ALTITUDES AND ORTHOCENTERS
Presented by Godfried Lawson

In this assignment I will:

1. Construct a triangle ABC.

2. Construct the Orthocenter, H of triangle ABC.

3. Construct the Orthocenter of triangle HBC.

4. Construct the Orthocenter of triangle HAB.

5. Construct the Orthocenter of triangle HAC.

6. Construct the Circumcircles of triangles ABC, HBC, HAB, and HAC.

7. Conjectures? Proofs?

Below is the construction of steps 1 through 5.

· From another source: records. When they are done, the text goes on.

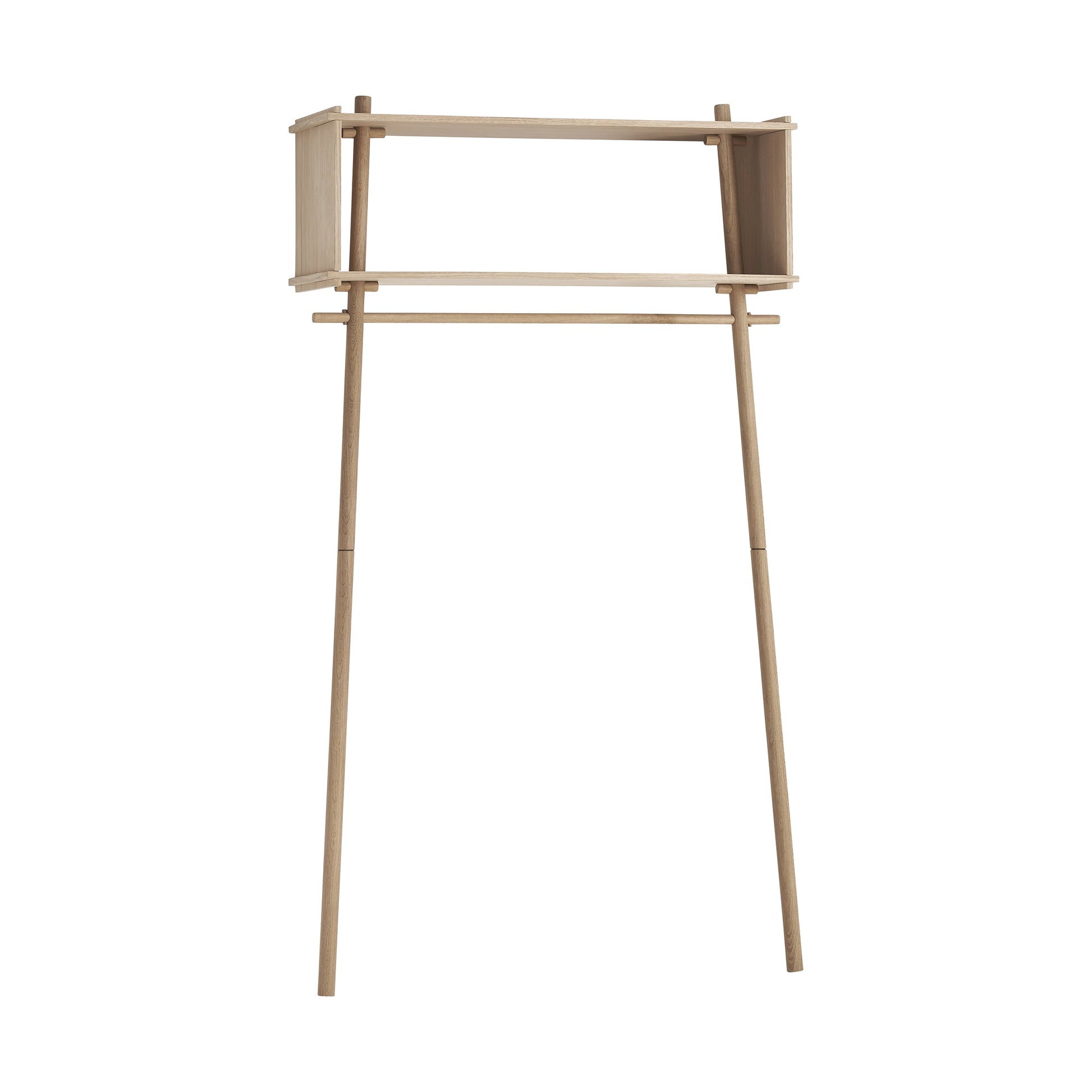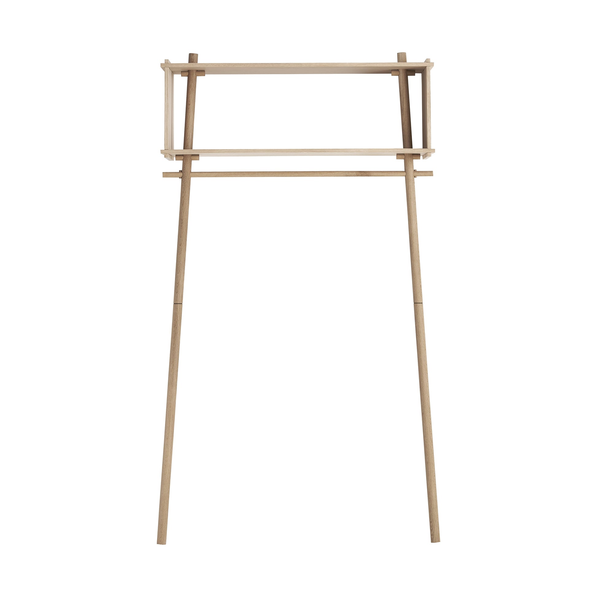 Töjbox is a simplistic and functional wardrobe made of oak. The design is ideal for the entrance, bedroom or walk-in closet. Use the clothes rack to hang your shirts and jackets and store your every day belongings or favorite decorations in the box, while the angled legs leave space on the floor for shoes and bags.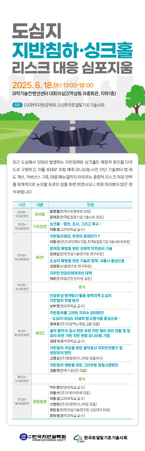 [한국지반공학회-한국토질및기초기술사회] 도심지 지반침하·싱크홀 리스크 대응 심포지움(6/18/수)_요지 포함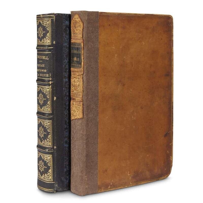 A Voyage Towards The South Pole... Containing an Examination of the Antarctic Sea... and a Visit to Tierra del Fuego… With a Particular Account of the inhabitants... Navigation of Cape Horn... London: Longman, Hurst, Rees, Orme, Brown, and Green, 1825. First edition. 8vo. Illustrated with six plates (two folding) - including a hand-colored frontispiece - and eight maps (six folding). Old calf, worn, crudely rebacked; hinges crudely repaired, with some offsetting, scattered foxing and spotting, dampstaining to the plates following pp. 34 and 44 and the intervening text leaves, moderate foxing to backs of folding plates, some darkening at edges of same and a few of the maps, lacking advertisements. Ex-library with book-plate on front paste-down and call number in pencil on title-page. Sabin, 103431; Rosove, 345A1. The first party to have wintered in the Antarctic regions. Weddell, H.A. Voyage dans Le Nord de la Bolivie et dans les parties voisines du Perou ou visite au district aurifere de Tipuani Paris and London: P. Bertrand and H. Bailliere, 1853. First edition. 8vo. With tinted lithographic frontispiece, one tinted lithographic plate, one folding map, 4 pp. of musical notations. Contemporary quarter black morocco over marbled paper-covered boards, spine gilt, minor wear except small blister at top edge of front cover; marbled endpapers; all edges speckled; moderate foxing to plates, title-page, front and back matter. Ex-library with book-plate on front paste-down and call number in pencil on same and on title-page. Regarded as one of the most significant 19th century voyages to South America.
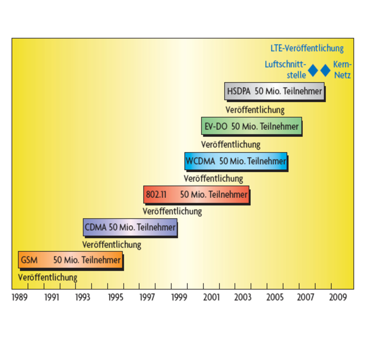 Bild 1 verdeutlicht in diesem Zusammenhang, wie lange es gedauert hat, bis die einzelnen Technologien und Standards Massentauglichkeit bewiesen haben und somit den „Durchbruch“ erzielten. Laut Marktbeobachtern, Herstellern und Analysten wird der Endverbraucher erst Ende 2011 Handsets in ausreichender Anzahl und Modellvielfalt in Händen halten. Anfang 2011 werden erste Datenprodukte erwartet, also USB-Sticks, PCMCIA-Karten und Embedded-Lösungen, die in Laptops, Webbooks und anderen mobilen Computerprodukten integriert werden.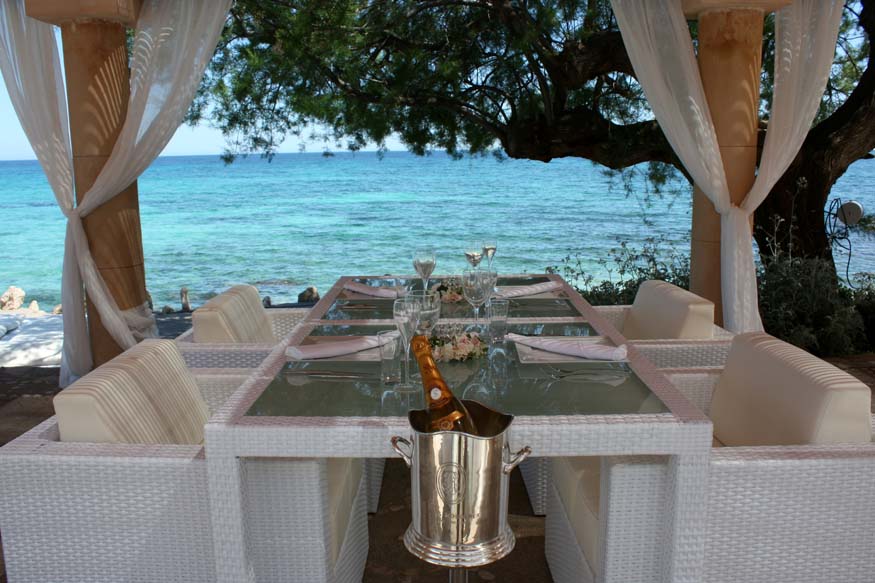 Cava- und Champagner-Empfang mit mallorquinischem Fingerfood über den Klippen, gefolgt von der Trauungszeremonie im wunderschönen runden Pavillon über dem Meer, Candle-Light Dinner für die gesamte Gesellschaft mit anschließendem ausgelassenen Tanz bis tief hinein in die sternenklare Nacht…

with the circumcircles of triangles ABC, HBC, HAB, and HAC added to the above construction we obtain:

What would happen if any vertex of the triangle ABC was move to where the orthocenter H is located? Where
would H then be located?

When the orthocenter H of the triangle ABC is moved to any of the vertices of the triangle ABC, a right triangle is formed. This justify the definition of a right triangle where the base is perpendicular to the height.
When the orthocenter H of the triangle ABC is collinear to of the  circumcenter Co, It is also collinear to one of other circumcenter (C1, C2, or C3). An isosceles triangle is formed which resulted from the angle bisector of one of the vertices of the triangle ABC.
A reflection of the isosceles triangle from the base produces a similar triangle and the circumcenter C0 coincides with one of the circumcenter (C1, C2, C3). This is possible since all the circumcenter are congluent.
I can conclude that the circumcenters C1, C2, and C3 formed by the triangle HAB, HBC, and HAC are equidistance from the orthocenter of the triangle ABC.